BAL levels of PGE2, 6-keto-PGF1α (the stable inactive hydrolysis product of PGI2), PGD2, PGF2α, and thromboxane (Tx) B2 (the hydrolysis product of TxA2) were quantified by ultra high-pressure liquid chromatography/tandem mass spectrometry, using solid-phase extraction, negative ion electrospray introduction, and selected reaction monitoring techniques. Tetradeuterated analogs of PGD2, PGE2, PGF2α, 6-keto-PGF1α, and TxB2 (Cayman Chemical, Ann Arbor, MI), 5 ng each, were added to 0.6 ml of BAL. The methoxime (MO) derivative was formed by adding 0.3 ml of methoxyamine HCl (1g/ml) in water, and eicosanoids were extracted on StrataX solid-phase extraction cartridges (Phenomenex, Torrance, CA), then dissolved in 200 μl of 20% acetonitrile in water for analysis. The instrument used was a Quantum Ultra interfaced to an Accela ultra high-pressure liquid chromatography system (Thermo Fisher Scientific, Waltham, MA). A 200-mm × 2.1-mm × 1.9-μm Hypersil Gold column (Thermo Fisher Scientific) was used. The mobile phase was generated from high-performance liquid chromatography-grade water (A) and 5% methanol/95% acetonitrile (B), both containing 0.005% acetic acid adjusted to pH 5.7 with ammonium hydroxide. The flow rate was 350 μl/min using a segmented linear gradient starting at 20% (T = 0), ramping to 35% B (T = 15 min), 40% B (T = 16 min) then 70% B (T = 23 min). The transitions monitored were m/z 384 → 272 (d4-PGD2 MO and d4-PGE2 MO), m/z 380 → 268 (PGD2 MO and PGE2 MO), m/z 357 → 197 (d4-PGF2α), m/z 353 → 193 (PGF2α), m/z 402 → 173 (d4-TxB2 MO), m/z 398 → 169 (TxB2 MO), m/z 402 → 372 (d4-6-keto-PGF1α MO), and 398 → 368 (6-keto-PGF1α MO). The collision gas was argon, 1.5 mTorr. The collision energy was 18 eV for PGD2, PGE2, 6-keto-PGF1α, and TxB2, and 24 eV for PGF2α. Source offset was 6 V. Quantitation was by peak area ratios. Levels of mouse CXC chemokine KC and total protein in BAL fluid were determined with an enzyme-linked immunosorbent assay kit (R&D Systems, Minneapolis, MN) and Bio-Rad Protein Assay Kit (Bio-Rad Laboratories, Hercules, CA), respectively.
Data are expressed as means ± S.E.M. unless indicated otherwise. Statistical comparisons among treatment groups in reactivity to methacholine were performed by two-way ANOVA, followed by the Newman-Keuls post hoc test for more than two groups. Comparisons of multiple groups were performed by one-way ANOVA and Bonferroni post-ANOVA test when the ANOVA was deemed significant.
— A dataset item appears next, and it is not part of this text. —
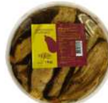
PRODUITS FRAIS AUBERGINES GRILLEES ANTIPASTI 1KG Code: 104218

When only two mean values were compared, the two-tailed Mann-Whitney t test was used. In all cases, statistical significance was defined as p < 0.05.
Deletion of mPGES-1-Modulated Airway Production of Prostanoids.
Evidence for substrate diversion consequent to mPGES-1 deletion was sought in BAL (Fig. 1). In both FA and ozone-exposed animals, deletion of mPGES-1 significantly reduced PGE2, while augmenting biosynthesis of PGI2, PGD2, and PGF2α.
Deletion of mPGES-1 Had Little Effect on Modulating Ozone-Induced Airway Responsiveness.
To study whether targeting mPGES-1 may affect airway function in a predisposed high-risk condition, ozone-induced airway hyper-responsiveness was evaluated in mice deficient in mPGES-1 (Fig. 2). Enzyme deletion did not affect total lung resistance after challenge with increasing doses of methacholine in either naive or ozone-exposed animals, despite a hyper-responsiveness induced by ozone exposure (Fig. 2a). Likewise, mPGES-1 deletion failed to modulate significant compliance in naive or ozone-exposed animals (Fig. 2b).
Although ozone treatment increased carbachol-induced contraction of intrapulmonary airways in sliced lung sections, as reflected by a significant decrease in EC50 (log EC50 from 0.04 ± 0.11 to −0.36 ± 0.12 μM), mPGES-1 deletion had little effect on the sensitivity to carbachol-induced intrapulmonary airway contraction (Fig. 3).
Deletion of mPGES-1 Did Not Affect Ozone-Induced Airway Inflammation.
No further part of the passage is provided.